Going behind dealers’ backs is another no-no. “Collectors should never go directly to the artist to purchase work being shown by a gallery,” says Celine Mo of VICTORI + MO. “The primary goal of galleries is to advance artists’ careers. Going directly to an artist can really undermine the gallery’s hard work.”
Richards, who collects art in addition to selling it, advises collectors to look into dealers’ previous experience. Good: Years spent working for another gallery before starting their own business. Good, but not quite as good: Auction house experience that doesn’t actually include selling art, working with artists, or establishing relationships with collectors and curators. Red flag: People who became art dealers because they “love” art or have entered the market after several successful years in another field. You want a dealer, Richards says, that “has an established reputation and knows their market.”
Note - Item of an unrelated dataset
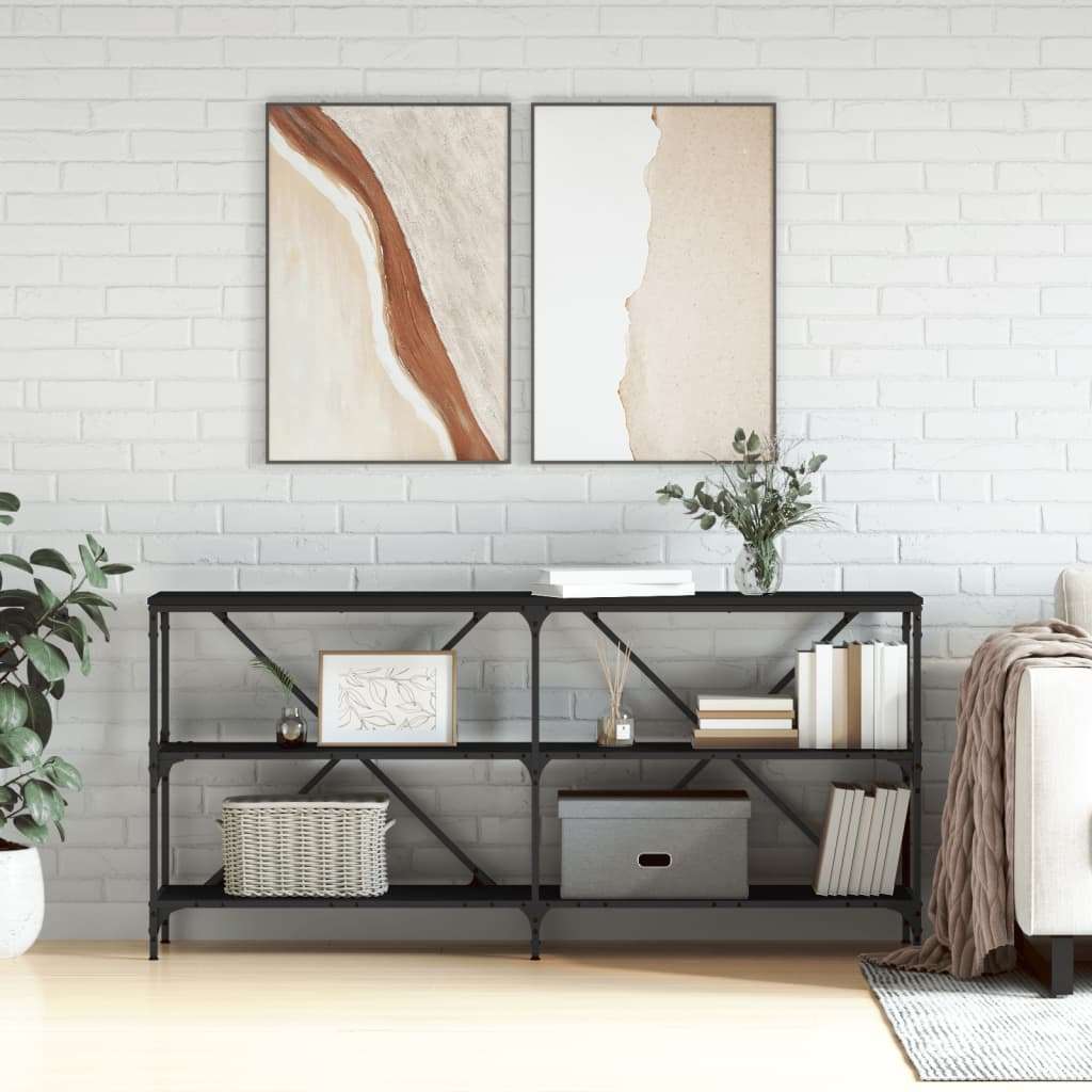 Add a touch of elegance to your entryway, living room, or hallway with this stylish console table. Durable material: The hall table is made of engineered wood. The engineered wood is of exceptional quality with smooth surface and also features strength, stability and resistance to moisture. Sturdy frame: The iron frame ensures sturdiness and stability. And the back has double X-frame crossbars for added stability, so you don’t have to worry about wobbling on the floor. Ample storage space: The sofa table offers ample storage space for keeping your daily essentials well organised and within reach. Sturdy tabletop: The sturdy tabletop of the hallway table is perfect for placing your framed photos, potted plants, and other decorative items. Adjustable feet: Four adjustable feet with plastic pads keep the side table balanced on uneven ground and increase stability. Warning: To prevent it being overturned, this product must be used with the provided wall attachment device.

Working with Private Dealers vs. Galleries
The term “art dealer” can refer to someone who sells work at a gallery or someone who consults privately, sometimes selling their own inventory or brokering deals between buyers and sellers. Zynszajn and Singer explain that collectors “should focus on pursuing the desired artwork, which may be represented by either a gallery or private dealer.” No matter who offers the work, the dealer has the same responsibility in “accomplishing due diligence on the client’s behalf with authenticity, provenance, condition, and fair market sales price: the essential prerequisites of any sale.” If you’re not hunting for one particular object, however, refer back to the first and second section. What matters isn’t the dealer’s title, but how their services align with your needs, their ability to understand and support the way you’re trying to build your collection, and their past experience.
Mo describes the distinction in practical terms. “A dealer at an art gallery works with a roster of artists to exhibit at exhibitions and art fairs in an effort to further an artist’s career,” she says. “A private dealer, on the other hand, works mainly on the client side. He or she will deal with many different galleries to provide access to works that wouldn’t normally be available to the public.” Mo’s gallery and others will sometimes attempt to also do the work of a private dealer by advising clients to look at artists who they don’t represent. She’s happy to help collectors discover other artists, as she thinks it’s unrealistic to expect a great collector to only buy from one gallery. By working this way, she says, “we are building trust — and great collections.”
Don’t Be Shy
Finally, once you’ve begun working with a dealer, speak up! You won’t always agree with him or her, and that’s okay. “The nature of a disagreement can be very enlightening, and the question usually comes down to advice regarding investment value versus the emotional response of the collector based on aesthetics,” say Zynszajn and Singer. As long as a dealer doesn’t continually offer work that doesn’t represent the client’s taste, some back and forth is part of the process.
Mo says that some of her collectors have introduced her to great artists as well, in an inversion of the typical collector / dealer dynamic. “Like any relationship, the relationship between a dealer and collector is built on trust and mutual respect,” she says. “I think it’s fantastic that we can show them artists and that it can happen the other way around as well.” Lifelong friendships are an unexpected benefit.